MapperParsingException[failed to parse field [password] of type [keyword] in document with id '49875026'. Preview of field's value: '']; nested: IOException[Invalid UTF-8 start byte 0xf8
 at [Source: (ByteArrayInputStream); line: 1, column: 649]]; ], markAsStale [true]]

I made a tcpdump from the reindexing job (it's a python based multithread/process bulk reindexer) and verified that the fields are correct. For example for the last one with the document ID 49875026, a create bulk op was submitted:

{"create":{"_id":"49875026","_index":"accounts_681","routing":"49875026","_type":"_doc"}}
[... data ...]

and elastic returned this according to the tcpdump:

{"create":{"_index":"accounts_681","_type":"_doc","_id":"51494012","_version":1,"result":"created","_shards":{"total":3,"successful":2,"failed":1,"failures":[{"_index":"accounts_681","_shard":36,"_node":"vm1XbWvvRwGBRLdlbKWTew","reason":{"type":"mapper_parsing_exception","reason":"failed to parse field [password] of type [keyword] in document with id '49875026'. Preview of field's value: ''","caused_by":{"type":"i_o_exception","reason":"Invalid UTF-8 start byte 0xf8\n at [Source: (ByteArrayInputStream); line: 1, column: 649]"}},"status":"BAD_REQUEST","primary":false}]}

There seems to be something very strange going on, at least I wouldn't expect document ID 49875026 in a response which is made for doc 51494012.

If I copy either bulk op out from the stream and execute them manually, the documents can be inserted without error. BTW, when running the same reindex twice the errors are always different and with different docs.

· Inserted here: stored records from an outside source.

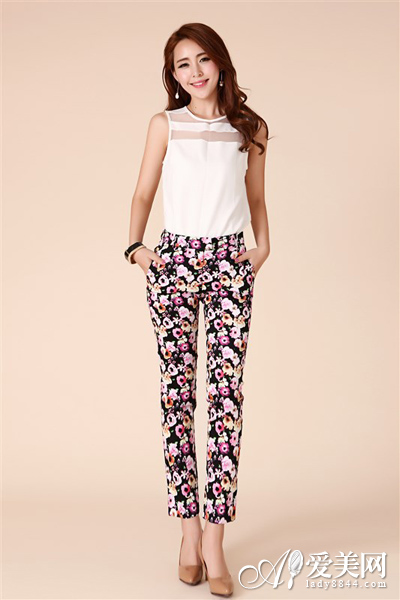 顏色繽紛的印花九分褲,夏日搭配背心非常時(shí)尚休閑。推薦純色、雪紡、復(fù)古系列的印花背心搭配。
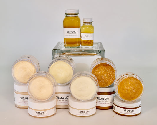 Fresh, fermented, and Perfectly Cold-Preserved creations designed to transform skin, revitalize hair and scalp, and uplift spirit, culminating in The Shimmer Effect.
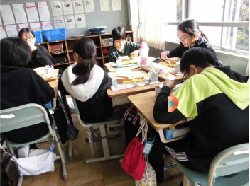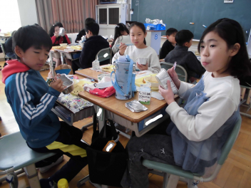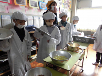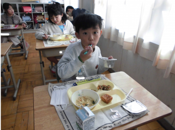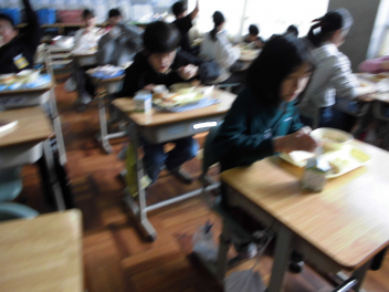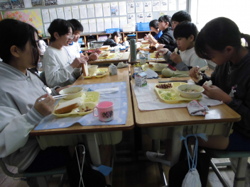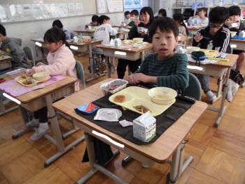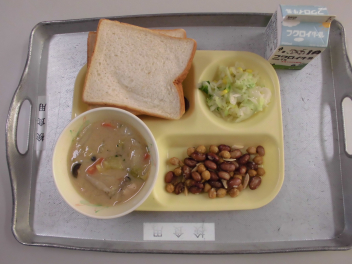 「五目きんぴら」は、カミカミメニューです。きんぴらとは、細切りにした野菜を砂糖と醤油で甘辛く炒めた日本料理の惣菜です。特にごぼうを使った「きんぴらごぼう」が有名ですが、れんこんやにんじんなどの根菜類、大根の皮など様々な野菜で作られます。今日のきんぴらには、鶏肉とこんぶ、こんにゃく、ごぼう、人参が入っていました。味付けがしっかりとしていて、美味しかったです。
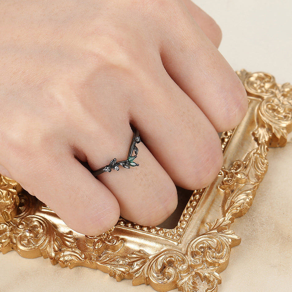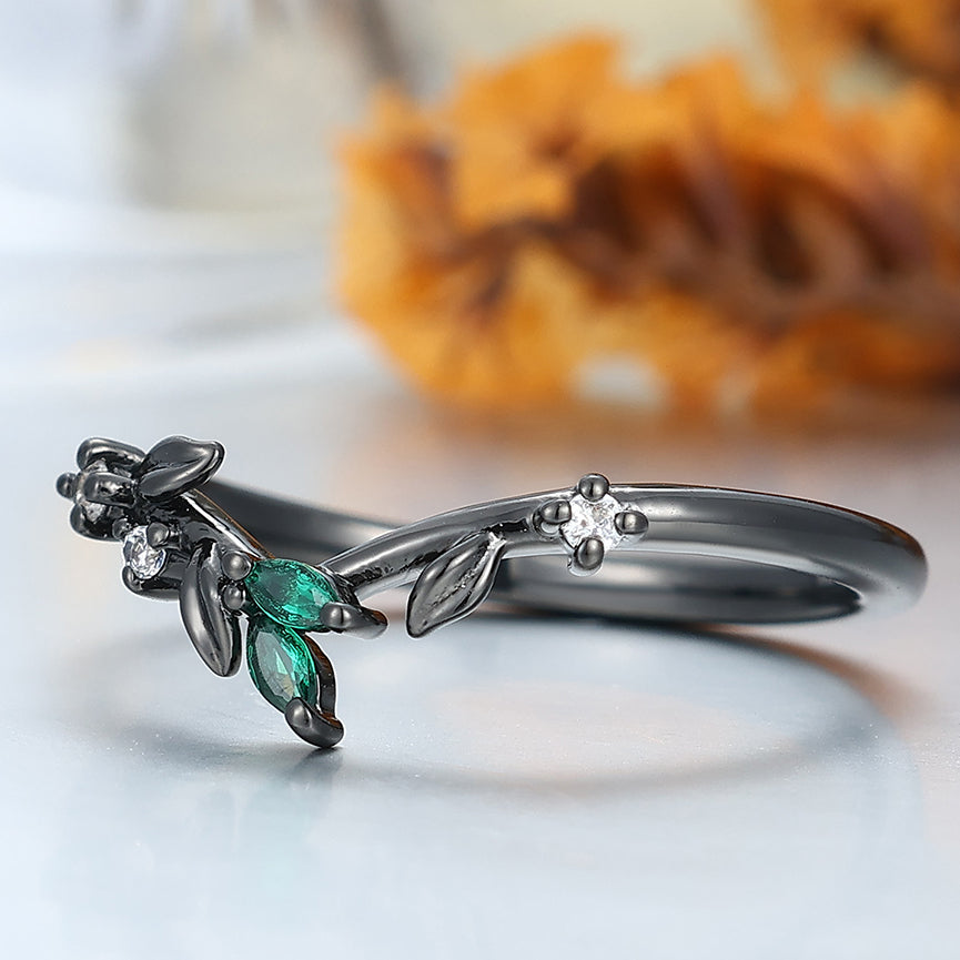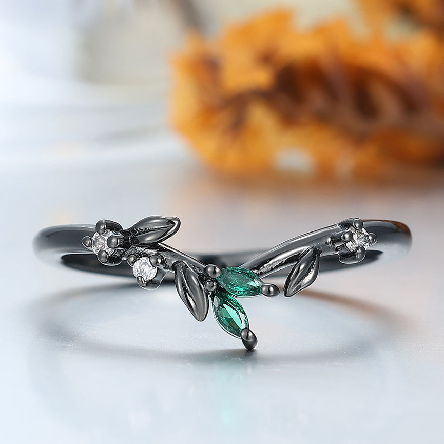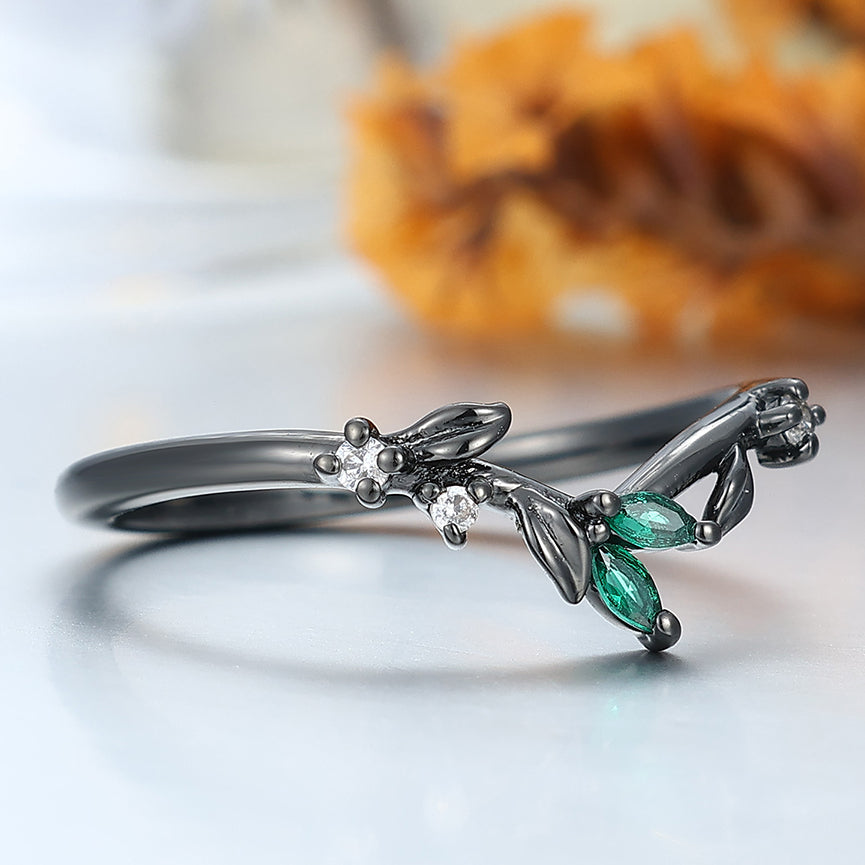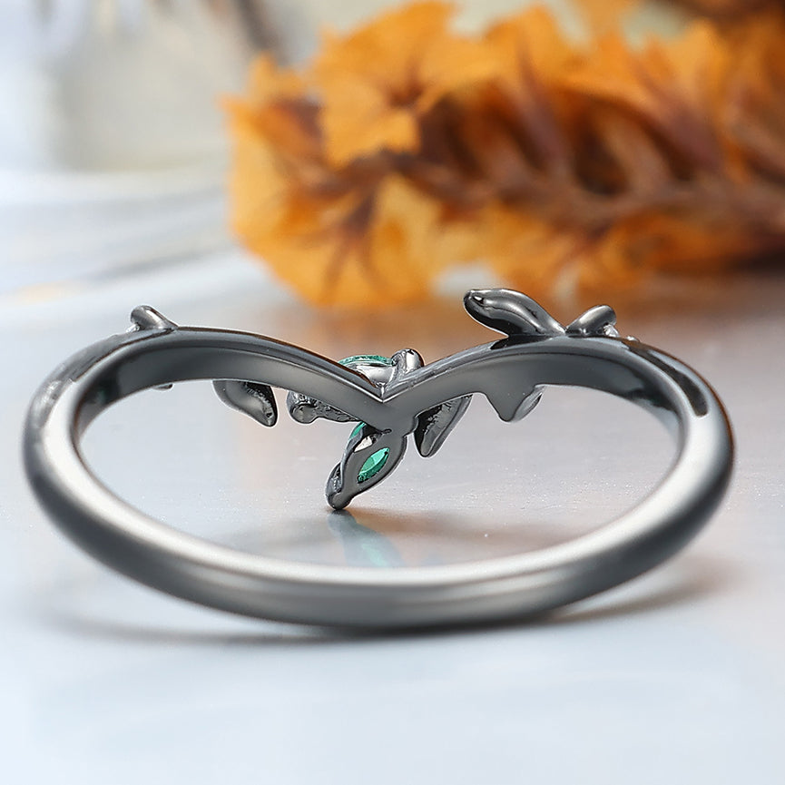 Curved Sprig Moissanite And Emerald Women Wedding Band Anniversary Bridal Band
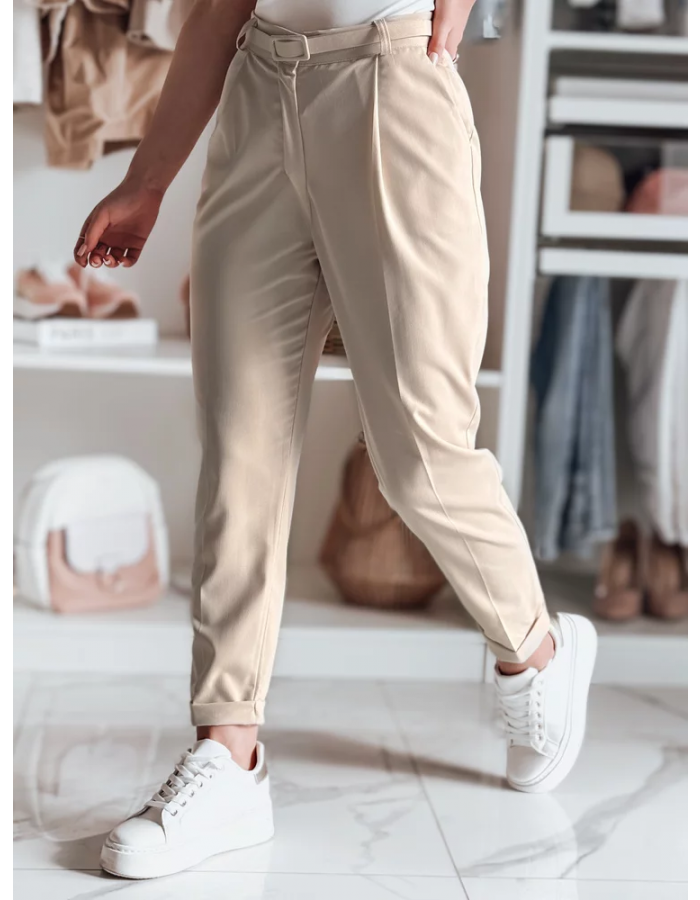 Klasyczne spodnie damskie w casualowym wydaniu. Wysoki stan i plisowania optycznie wysmuklają sylwetkę, a pasek w komplecie dopełnia całość. Zapinane na guzik i zamek, z kieszeniami dla większej wygody. Sprawdzą się zarówno w pracy, jak i podczas spotkań towarzyskich.
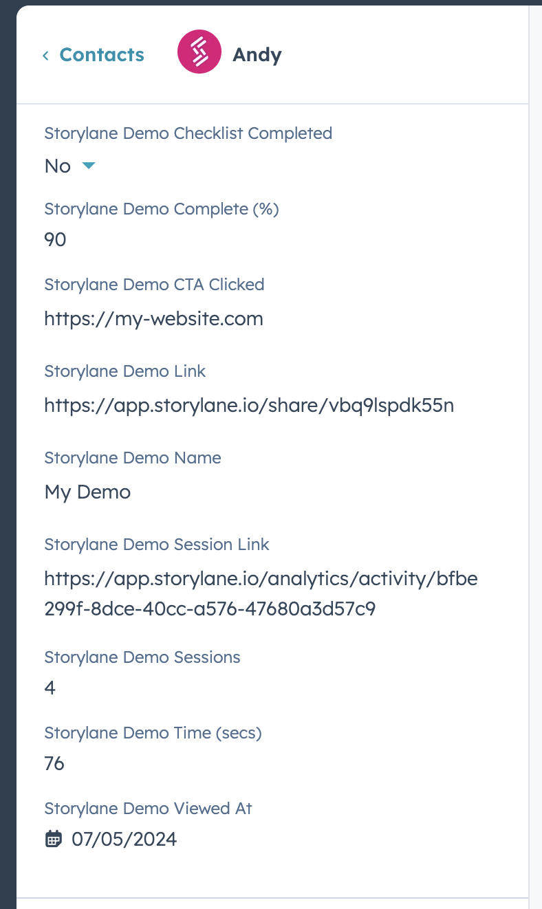 Storylane populates custom fields in HubSpot contacts under the "Storylane" property group. Here's a breakdown:

The doc is indexed apart from being returned by elastic as failure and -I guess- it tries to re-send to the replica, so the cluster quickly switches from YELLOW to GREEN. Again, this seems to affect only the outgoing transport (replication and the Java client is where we could observe these corruptions) stream and it sometimes works, sometimes not. Seems to be depending on the level of stress, because I can finely reindex on just one thread -at least it's so slow, I could never see this error :). Things start to get worse when I reindex fast, on multiple connections and with a lot of bulkops in parallel.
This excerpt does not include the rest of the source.